PROBLEM DESCRIPTION:
Please write out the listing exactly, leaving each picture out.

RAW DATA:

———

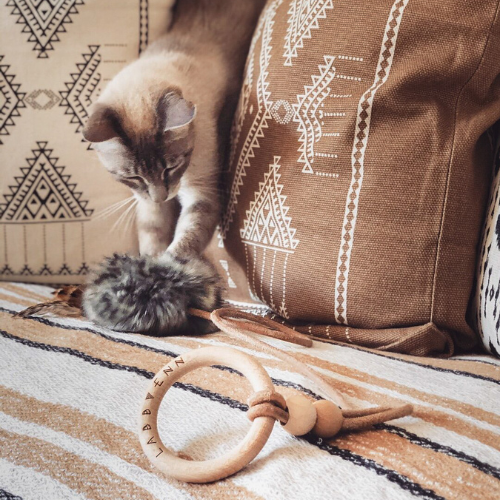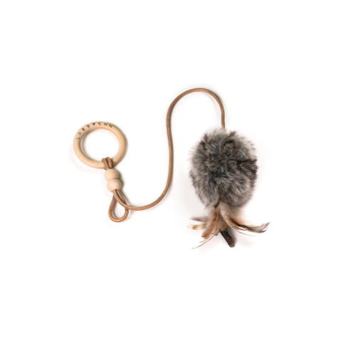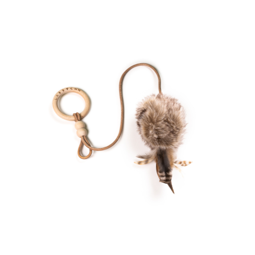 Handgefertigt mit viel Liebe zum Detail, kombiniert MUSSE einen Lederriemen mit Holzelementen, echten Federn und hochwertigem Kunstfell – perfekt, um den Jagdinstinkt deiner Samtpfote spielerisch zu fördern.
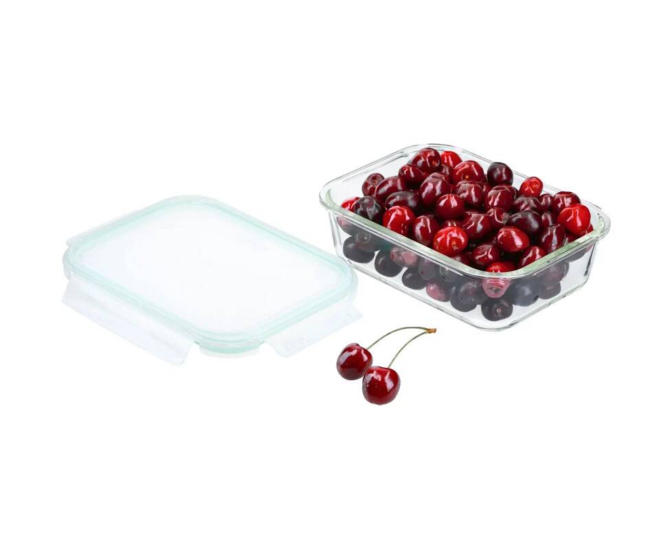 Материал - боросиликатное стекло; крышка: полипропилен, силикон
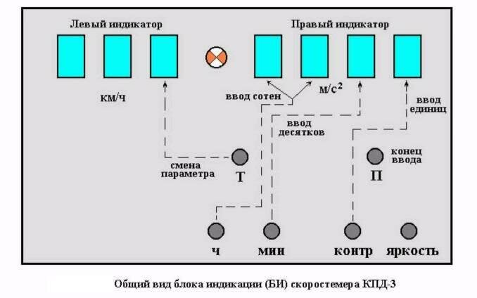Значения вводимых параметров индицируются на правом индикаторе БП, при этом кнопка «КОНТР» меняет по кругу единицы, кнопка «МИН» - десятки. «Ч» - сотни и тысячи. Ввод параметров заканчивается нажатием кнопки «П», а результат ввода записывается в МПЭ. При этом скоростемер переходит в режим контроля параметров движения.

———

RESULT FOR THIS EXERCISE:
 Handgefertigt mit viel Liebe zum Detail, kombiniert MUSSE einen Lederriemen mit Holzelementen, echten Federn und hochwertigem Kunstfell – perfekt, um den Jagdinstinkt deiner Samtpfote spielerisch zu fördern.
 Материал - боросиликатное стекло; крышка: полипропилен, силикон
Значения вводимых параметров индицируются на правом индикаторе БП, при этом кнопка «КОНТР» меняет по кругу единицы, кнопка «МИН» - десятки. «Ч» - сотни и тысячи. Ввод параметров заканчивается нажатием кнопки «П», а результат ввода записывается в МПЭ. При этом скоростемер переходит в режим контроля параметров движения.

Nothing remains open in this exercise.